The Eleventh Circuit’s decision in United States v. Pugh, No. 07-10183, 2008 WL 253040 (11th Cir., January 31, 2008) is interestingly at odds with the result in its decision in United States v. McBride, 511 F.3d 1293, 1296 (11th Cir. 2007), decided about a month before Pugh.

In McBride, in which the Court of Appeals affirmed the district court’s downward departure from a recommended Sentencing Guidelines range of 151 to 188 months to impose an 84-month sentence on the defendant, who pled guilty to distributing child pornography, because the defendant’s father had been murdered, the defendant had been physically and sexually abused as a child, suffered from various health problems and had enrolled in a sexual treatment program.

Although the Court did not cite Gall, it rejected the government’s argument on appeal that “although the district court discussed many of the [18 U.S.C.] § 3553(a) factors, it failed to give proper weight to some while overemphasizing others,” id. at 1297, holding that the Court:

[W]ill only reverse a procedurally proper sentence if we are “left with the definite and firm conviction that the district court committed a clear error of judgment in weighing the § 3553(a) factors by arriving at a sentence that lies outside the range of reasonable sentences dictated by the facts of the case,”

id.
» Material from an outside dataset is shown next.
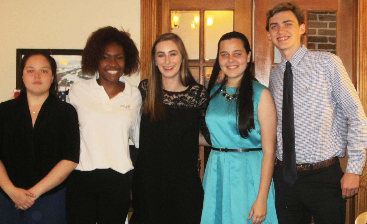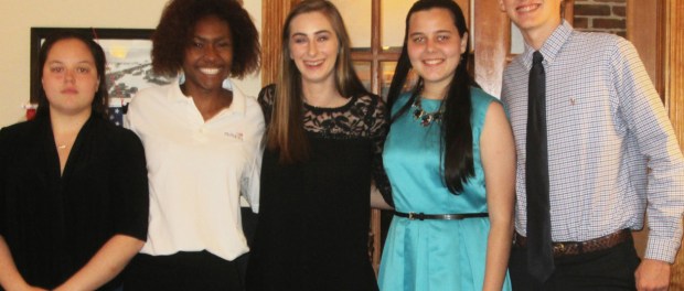 Scholarship recipients at the Pilot Club of St. Augustine recent dinner were, from left: Kaylee Folckemer, Ileisha Smith, Jordan Hayes, Myra DeRenzo, who presented here 4-H talk; and Grant Cioffi.

Similarly, a string of post-Gall, unpublished, decisions of the Court of Appeals prior to Pugh accorded substantial deference to sentencing courts’ decisions as to which factors under § 3553(a) to base a sentence upon, and the weight to be given a particular factor. See United States v. Mole, No. 07-12266, 2008 WL 216082, *2 (11th Cir., January 28, 2008) (unpublished) (“[N]othing in Bookeror elsewhere requires the district court to state on the record that it has explicitly considered each of the § 3553(a) factors or to discuss each of the § 3553(a) factors”); United States v. Kivett, No. 07-10202, 2008 WL 185502, *6 (11th Cir., January 23, 2008) (unpublished) (“The district court need not recite a laundry list of the § 3553(a) factors; rather, some indication in the record that the court adequately and properly considered the applicable advisory Guidelines range and the § 3533(a) sentencing factors is sufficient”); United States v. Ramirez, No. 07-13060, 2008 WL 185509, *2 (11th Cir., January 23, 2008) (unpublished) (“‘The weight to be accorded any given § 3553(a) factor is a matter committed to the sound discretion of the district court[,]’ and we ‘will not substitute our judgment in weighing the relevant factors because ‘our review is not de novo’”); United States v. Arneto-Anaya, No. 07-12427, 2008 WL 142022, *2 (11th Cir., January 16, 2008) (unpublished) (same); United States v. Caisano-Guapi, No. 07-13520, 2008 WL 114878, (11th Cir., January 14, 2008) (unpublished). However, unlike McBride or Pugh, these cases involved sentences within the recommended Guidelines ranges, or upward departures or variances.